── DATA
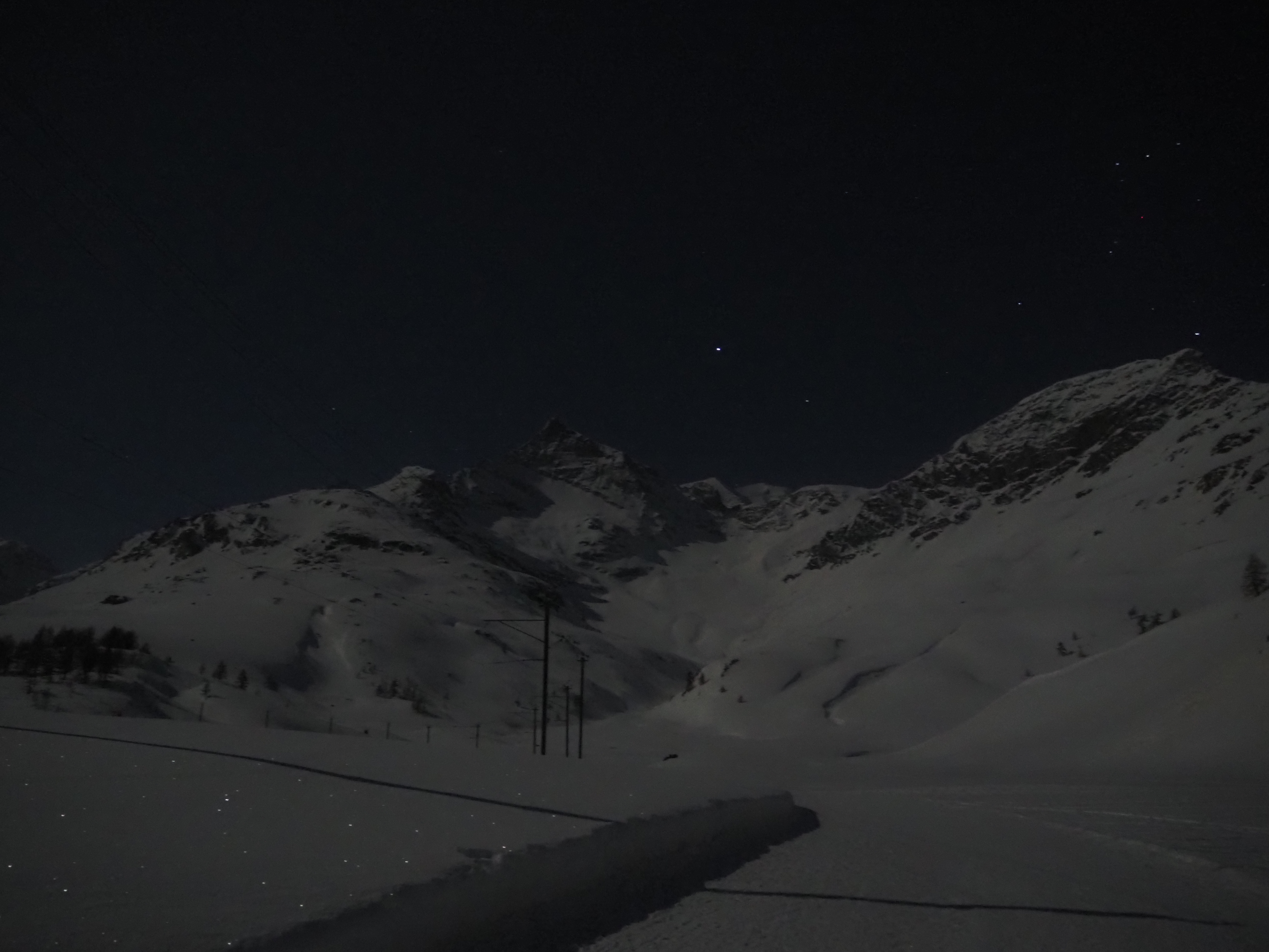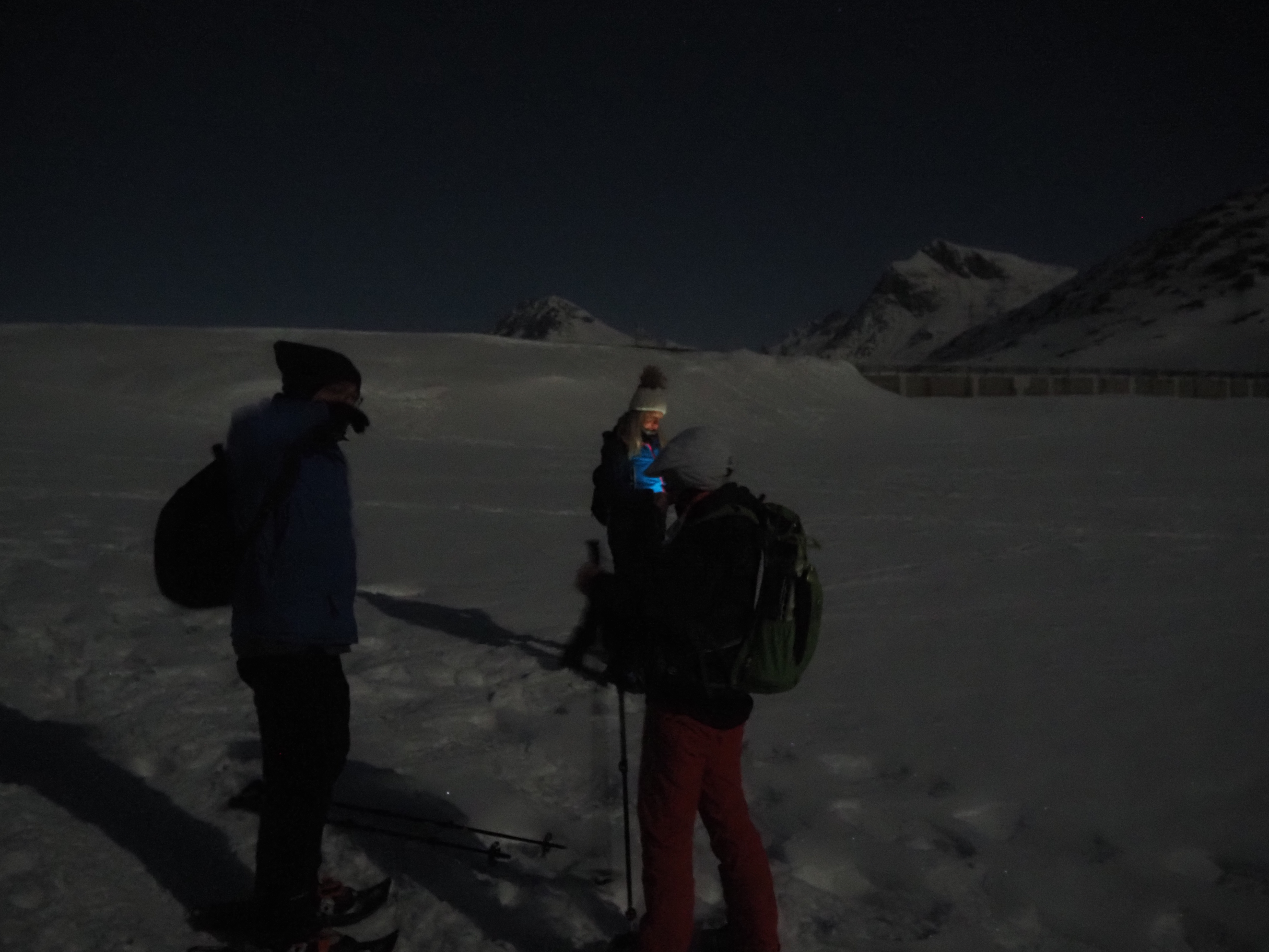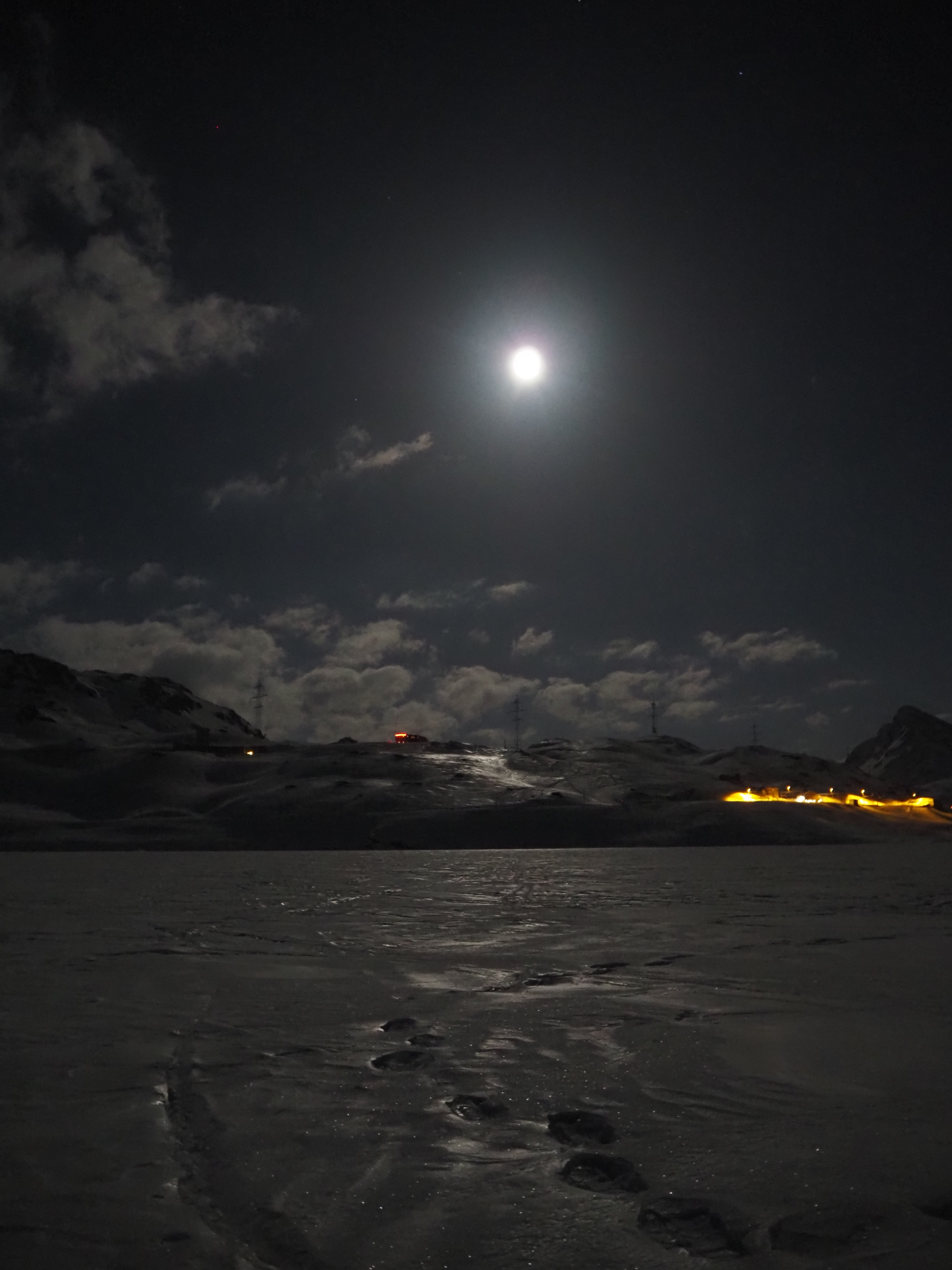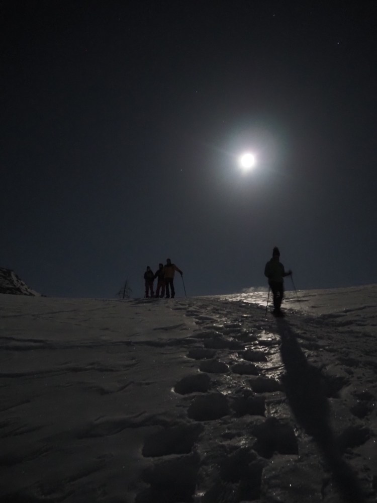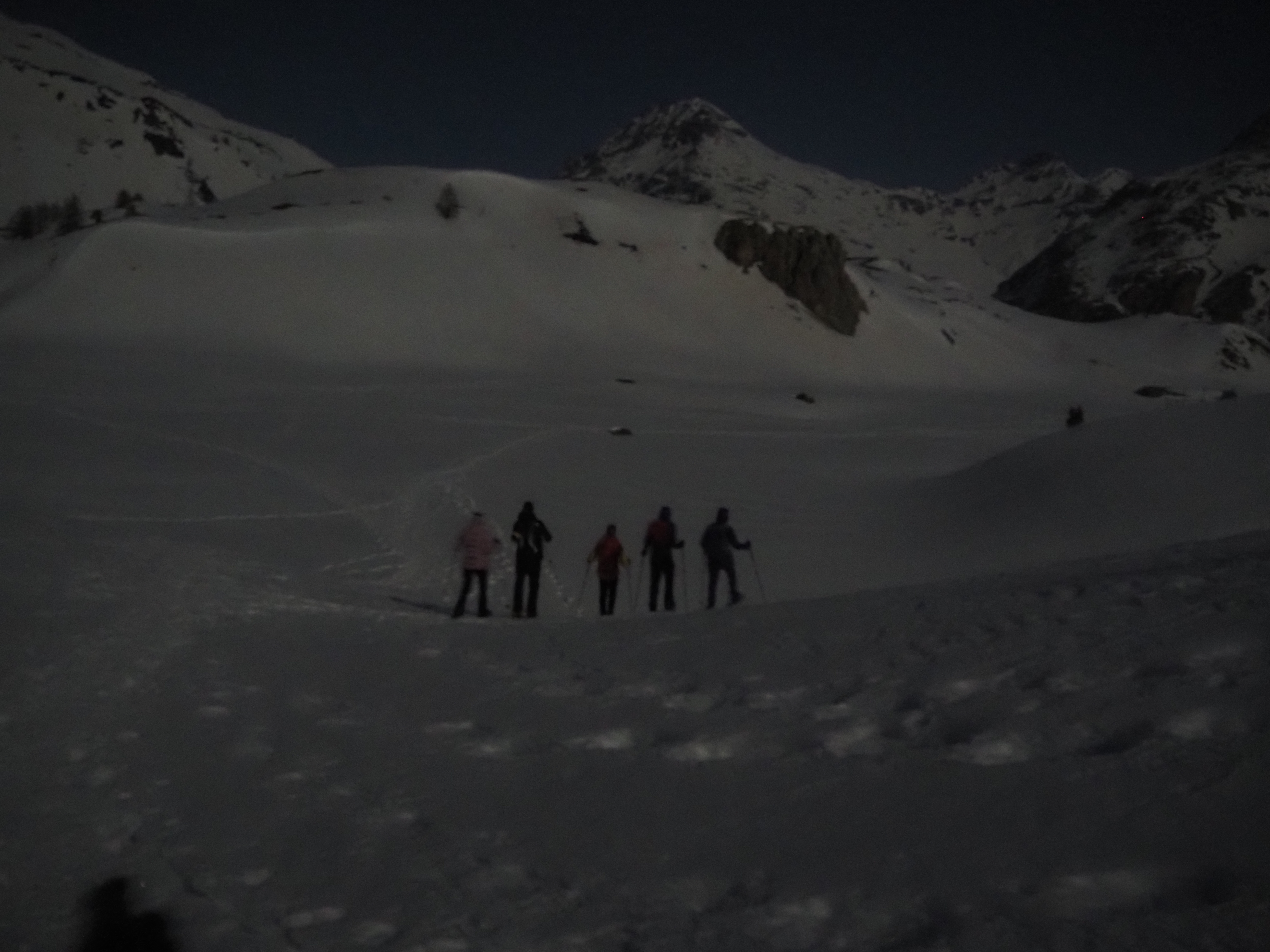 The mountain landscape is like another world. Some said it was comparable to Iceland. On the frozen Lago Bianco (Weisssee) we had a view all the way down to Protensina. The moon shone and made our headlamps unnecessary.
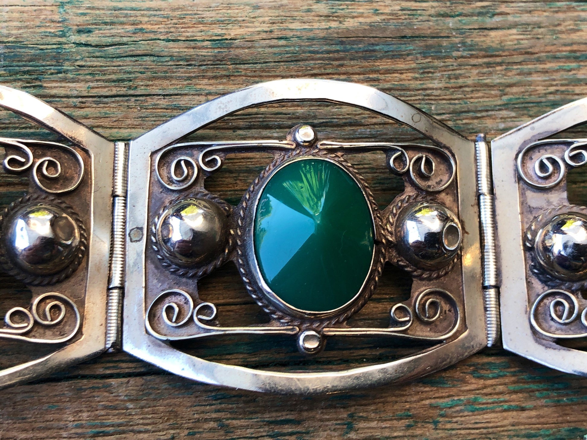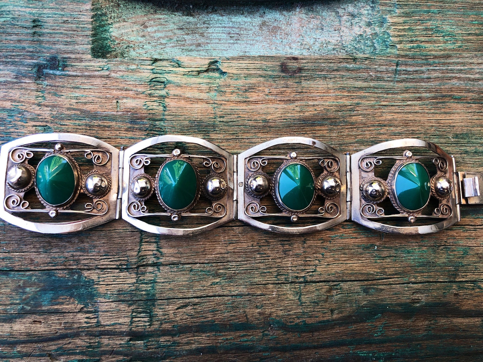 Sterling Silver Mexican Taxco Green Chrysoprase Art & Craft Panel Link Bracelet
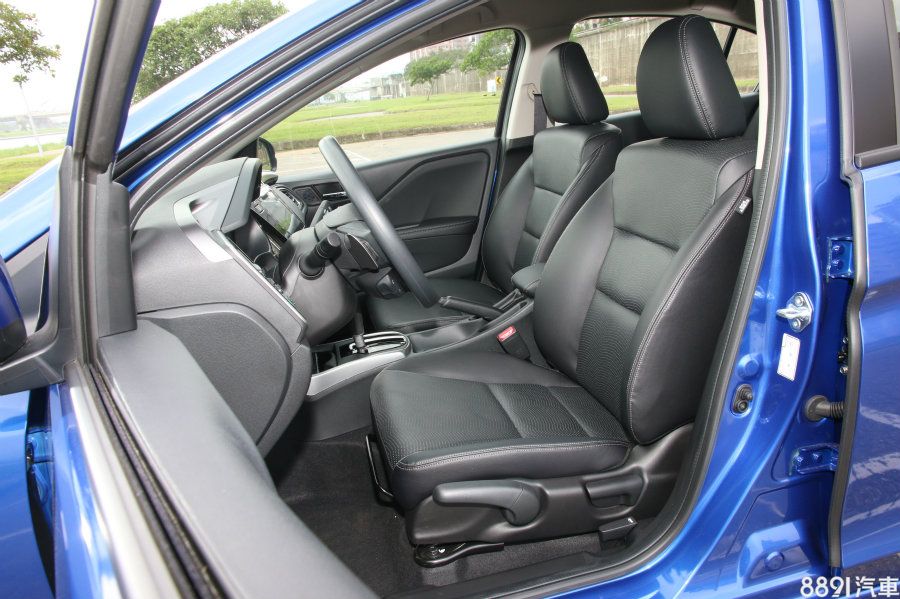 City全車系皆為皮質座椅,在椅背與坐墊處有孔洞的透氣處理,腰部的包覆性還算不錯,但大腿兩側則顯得普通,不過就發泡棉的設定上,與同級車相比算是柔軟。
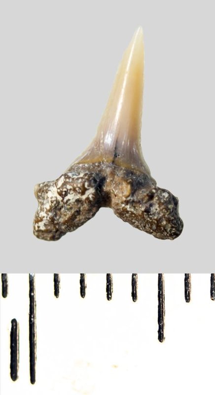 Зуб. Акула. Eostriatolamia subulata (Agassiz, 1843). Классификация: Хордовые Chordata, Позвоночные Vertebrata, Хрящевые рыбы Chondrichthyes, Пластиножаберные Elasmobranchii, Акулы Selachii, Ламнообразные Lamniformes
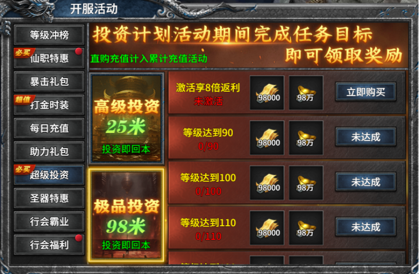 7、超級投資:投資即回本,25米投資可獲得3倍靈符返利、98米投資可獲得8倍靈符返利
────
◆ PROBLEM TO SOLVE ◆
I would like the data above transcribed exactly, with its pictures left out.

◆ TASK SOLUTION ◆
 The mountain landscape is like another world. Some said it was comparable to Iceland. On the frozen Lago Bianco (Weisssee) we had a view all the way down to Protensina. The moon shone and made our headlamps unnecessary.
 Sterling Silver Mexican Taxco Green Chrysoprase Art & Craft Panel Link Bracelet
 City全車系皆為皮質座椅,在椅背與坐墊處有孔洞的透氣處理,腰部的包覆性還算不錯,但大腿兩側則顯得普通,不過就發泡棉的設定上,與同級車相比算是柔軟。
 Зуб. Акула. Eostriatolamia subulata (Agassiz, 1843). Классификация: Хордовые Chordata, Позвоночные Vertebrata, Хрящевые рыбы Chondrichthyes, Пластиножаберные Elasmobranchii, Акулы Selachii, Ламнообразные Lamniformes
 7、超級投資:投資即回本,25米投資可獲得3倍靈符返利、98米投資可獲得8倍靈符返利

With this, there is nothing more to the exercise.